━━━ DATA RECORDS

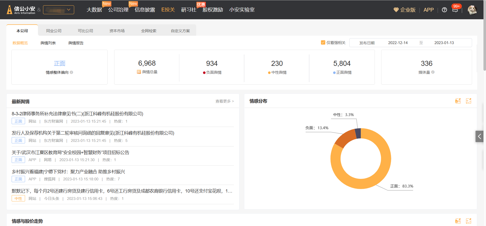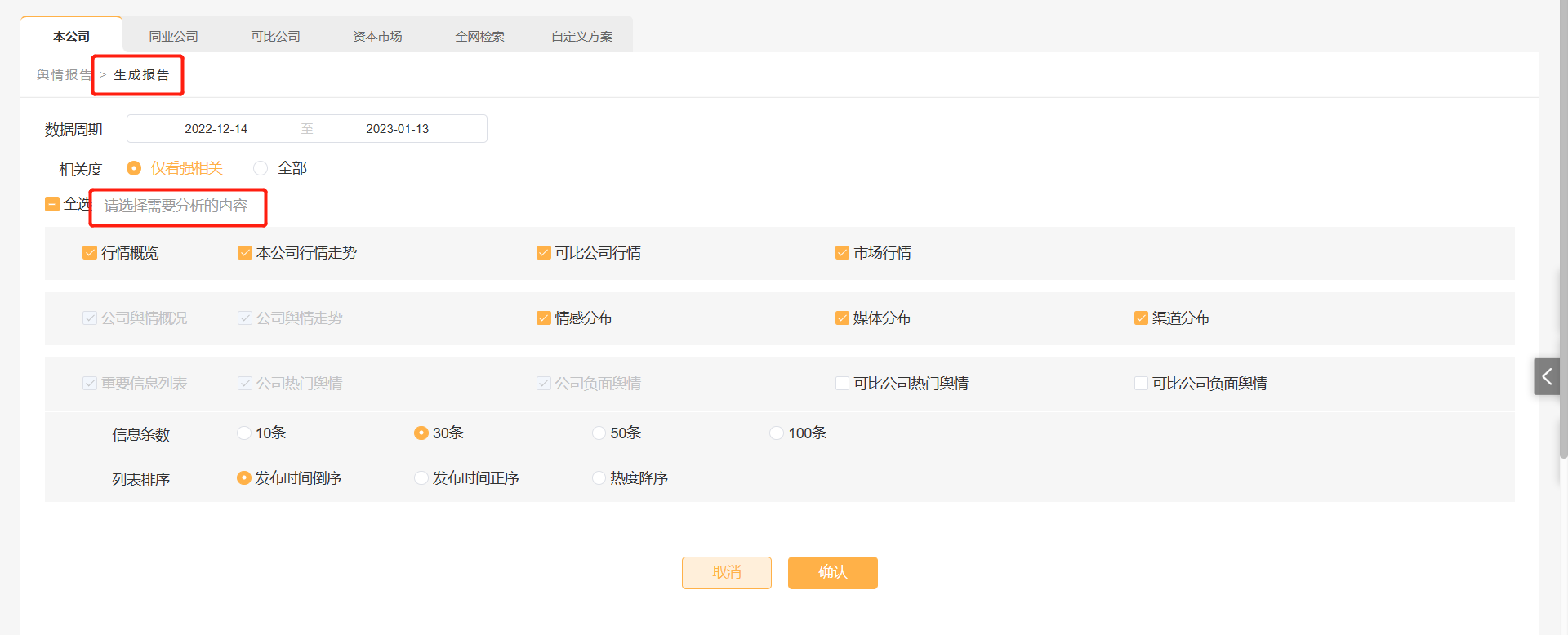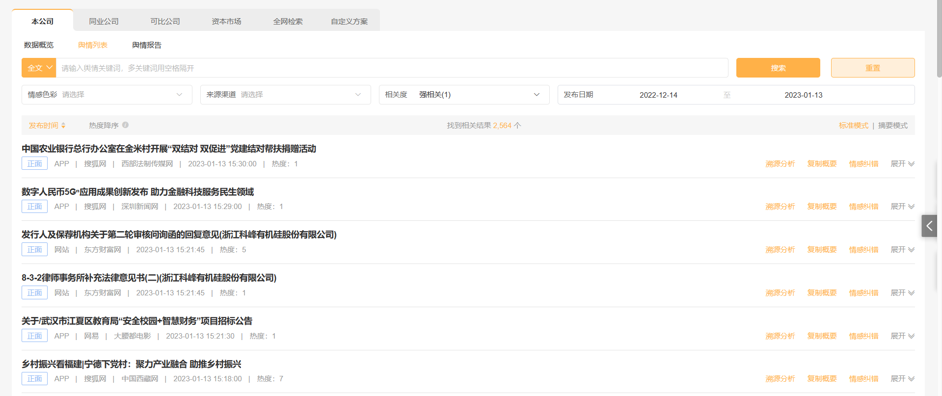 除本公司、同业公司、可比公司、资本市场公司舆情外,还支持全网舆情检索;
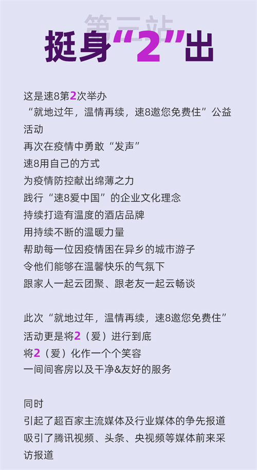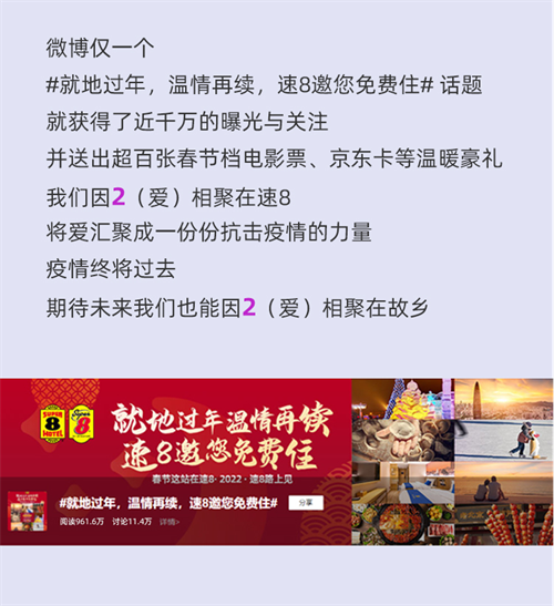 比“胖dundun”更有爱的是... ... 温德姆酒店集团 · 2022-02-21 09:15:28 分享到 打开微信“扫一扫”,打开网页后点击屏幕右上角分享按钮。 登上这趟爱心专车,看看比“胖dunduan”更有爱的速8吧。 (图片来源温德姆酒店集团) 速8酒店 温德姆酒店集团 0
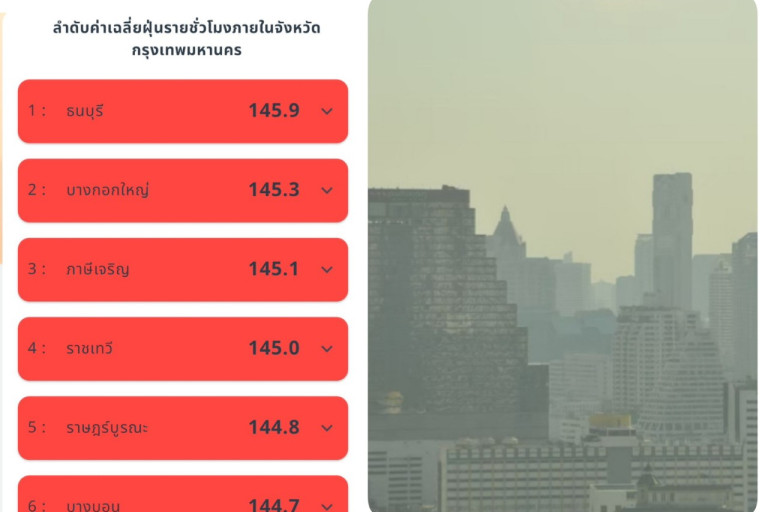กระทรวง อว. โดย GISTDA เกาะติดสถานการณ์ฝุ่น PM 2.5 ด้วยข้อมูลจากดาวเทียมแบบรายชั่วโมงผ่านแอปพลิเคชัน “เช็คฝุ่น” รอบเวลา 07.00 น. ของวันที่ 31 มกราคม 2568 พบทุกเขตของกรุงเทพมหานครมีค่าฝุ่น PM2.5 มีผลกระทบต่อสุขภาพ และระบบทางเดินหายใจในระดับแดง เกินกว่า 100 ไมโครกรัม โดยค่าฝุ่น PM 2.5 สูงสุด คือเขต #ธนบุรี 145.9 ไมโครกรัม
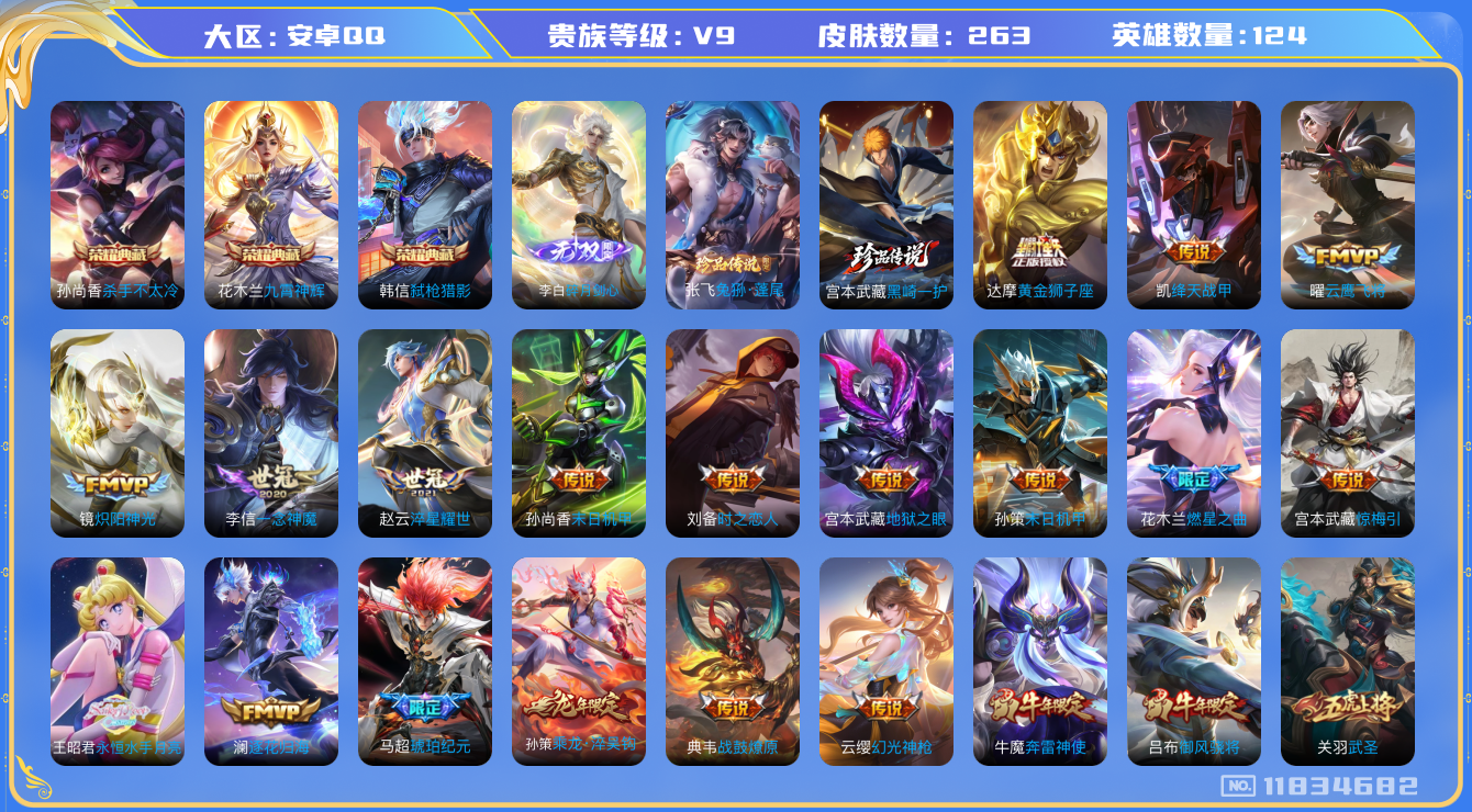 [11834682]【商品标题】:安卓Q-V9-最强王者段位-124英雄-263皮肤-3典藏-0珍品无双-1无双-2珍品传说-26传说-82史诗
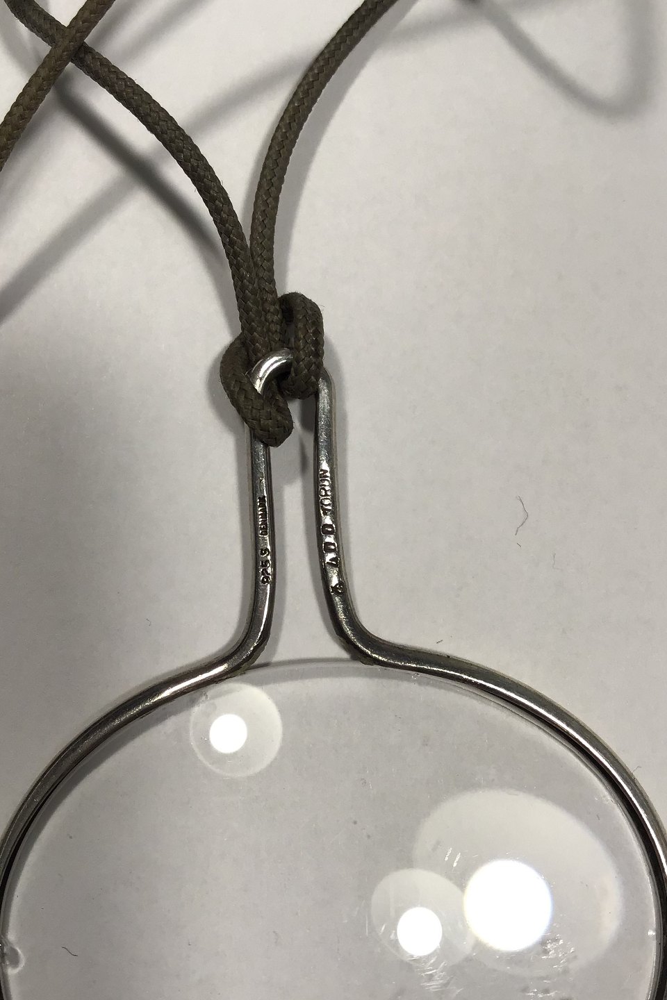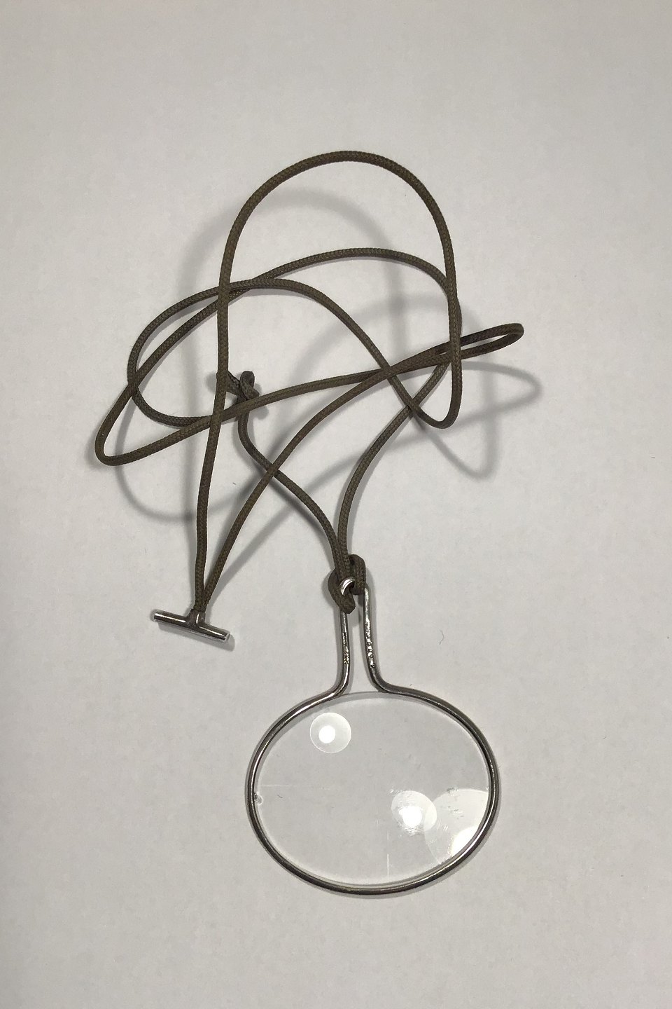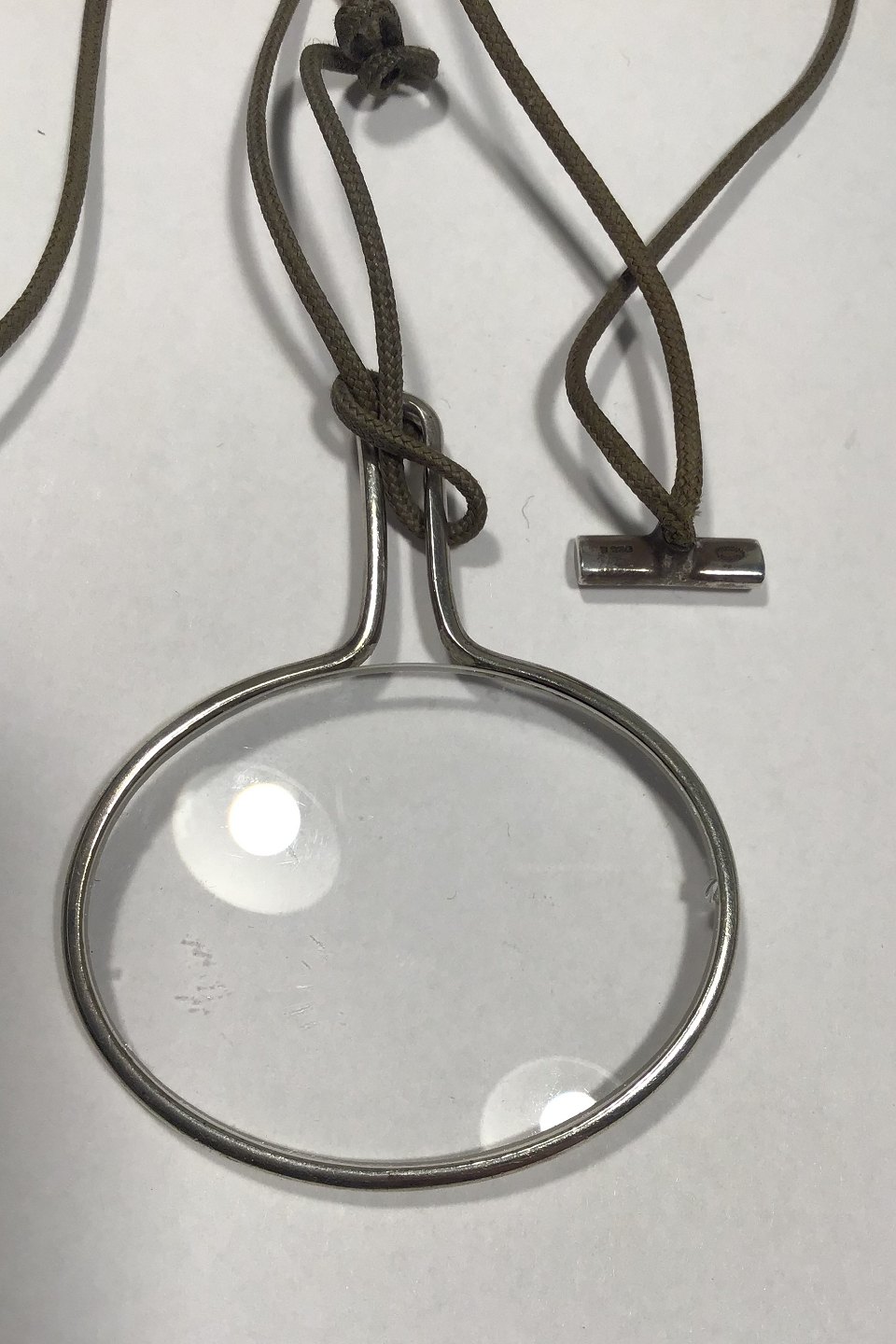 Georg Jensen String with Sterling Silver Pendant No 400 (Magnifying Glass) Torun Measures 76 cm (30 in) Magnifying glass 6 cm x 4.8 cm(2 23/64 in 1 57/64 in) Combined weight 14.6 gr/ 0.51 oz(Tiny chip)

━━━━━━

Up to and including the line that holds "[11834682]【商品标", restate word for word each line of the records from their start, and only those lines, leaving out the pictures.

 除本公司、同业公司、可比公司、资本市场公司舆情外,还支持全网舆情检索;
 比“胖dundun”更有爱的是... ... 温德姆酒店集团 · 2022-02-21 09:15:28 分享到 打开微信“扫一扫”,打开网页后点击屏幕右上角分享按钮。 登上这趟爱心专车,看看比“胖dunduan”更有爱的速8吧。 (图片来源温德姆酒店集团) 速8酒店 温德姆酒店集团 0
กระทรวง อว. โดย GISTDA เกาะติดสถานการณ์ฝุ่น PM 2.5 ด้วยข้อมูลจากดาวเทียมแบบรายชั่วโมงผ่านแอปพลิเคชัน “เช็คฝุ่น” รอบเวลา 07.00 น. ของวันที่ 31 มกราคม 2568 พบทุกเขตของกรุงเทพมหานครมีค่าฝุ่น PM2.5 มีผลกระทบต่อสุขภาพ และระบบทางเดินหายใจในระดับแดง เกินกว่า 100 ไมโครกรัม โดยค่าฝุ่น PM 2.5 สูงสุด คือเขต #ธนบุรี 145.9 ไมโครกรัม
 [11834682]【商品标题】:安卓Q-V9-最强王者段位-124英雄-263皮肤-3典藏-0珍品无双-1无双-2珍品传说-26传说-82史诗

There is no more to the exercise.